(HOW TO COMPLETE THIS TASK): Your answer should contain only the lines from the top of the data below down through the one with "137 | 162 |", transcribed exactly and without pictures; please include nothing more.

(DATA):
========================================
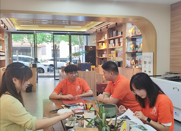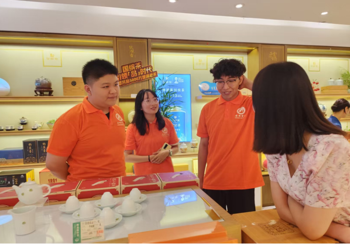 活动前期,团队围绕目标与方向系统规划,完成全面动员、流程设计、安全准则明确及基于专业优势的分工安排,为实践活动扎实筑基。筹备就绪后,团队先后深入江南培新街、江北高新区等地的茶企门店,通过实地走访、问卷调查等方式开展调研,聚焦茶叶销售渠道、价格体系、品牌认知度等核心内容,精准采集市场数据。
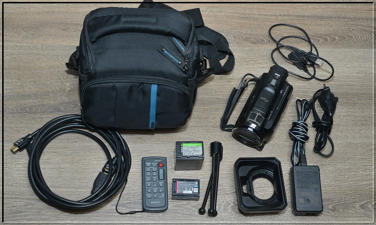 Součástí aukce: Camcorder, 2x aku, nabíječka, USB, HDMI, dálkové ovládání, fotobrašna... (1. fotka)
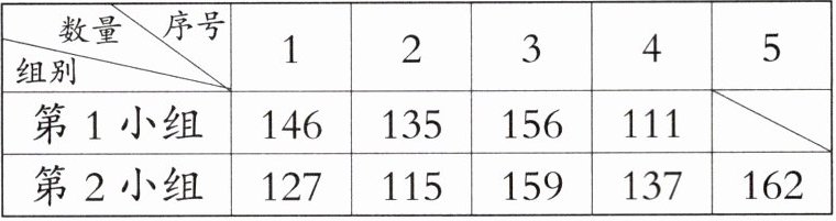 | 第2小组 | 127 | 115 | 159 | 137 | 162 |
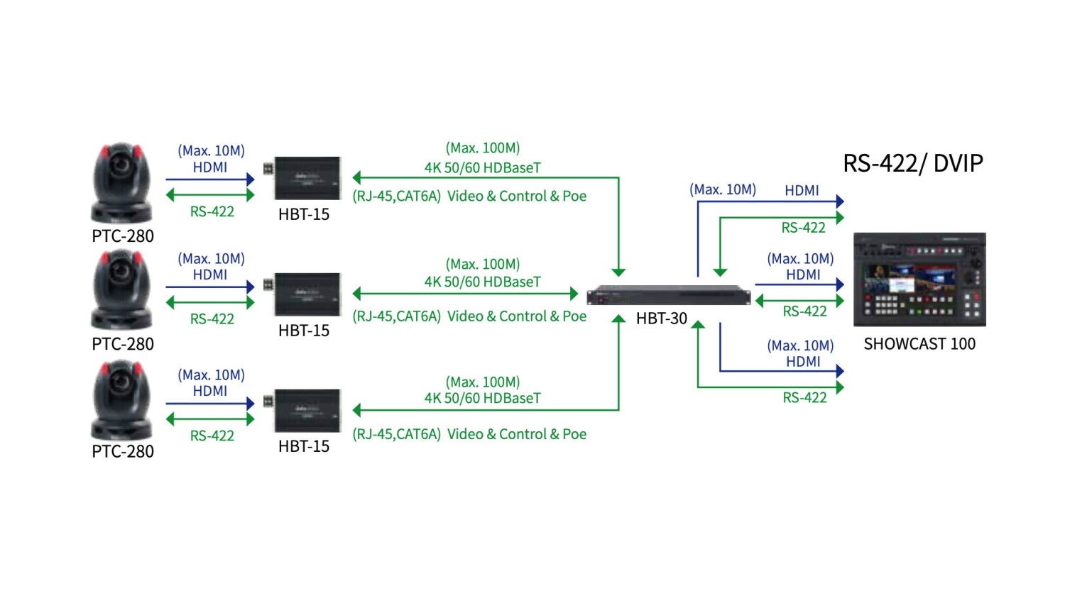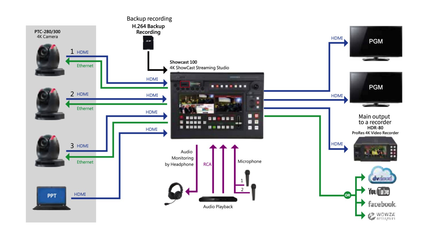 El codificador dual de transmisión en directo integrado permite grabar y transmitir simultáneamente. Gracias a la función de grabación de la cámara ShowCast 100, puede hacer copias de seguridad de los archivos de vídeo grabados de forma fácil y sin esfuerzo para su edición en posproducción. Dependiendo del ancho de banda, puede configurar una tasa de bits baja, media o alta. Para satisfacer la creciente demanda de visualización en dispositivos móviles, ahora se puede activar fácilmente la visualización en modo vertical en el dispositivo ShowCast 100 con solo pulsar el botón Vertical, de modo que los espectadores podrán ver el programa en sus dispositivos móviles manteniéndolos en posición vertical, sin necesidad de cambiar la orientación. Al mismo tiempo, puede transmitir a dos plataformas de retransmisión en directo, como Facebook, YouTube y Twitch. Con el servicio opcional Datavideo dvCloud, puede transmitir a 25 plataformas de retransmisión en directo simultáneamente y realizar copias de seguridad automáticas de los archivos de vídeo en un servidor en la nube.
========================================
(OUTPUT BELOW):
 活动前期,团队围绕目标与方向系统规划,完成全面动员、流程设计、安全准则明确及基于专业优势的分工安排,为实践活动扎实筑基。筹备就绪后,团队先后深入江南培新街、江北高新区等地的茶企门店,通过实地走访、问卷调查等方式开展调研,聚焦茶叶销售渠道、价格体系、品牌认知度等核心内容,精准采集市场数据。
 Součástí aukce: Camcorder, 2x aku, nabíječka, USB, HDMI, dálkové ovládání, fotobrašna... (1. fotka)
 | 第2小组 | 127 | 115 | 159 | 137 | 162 |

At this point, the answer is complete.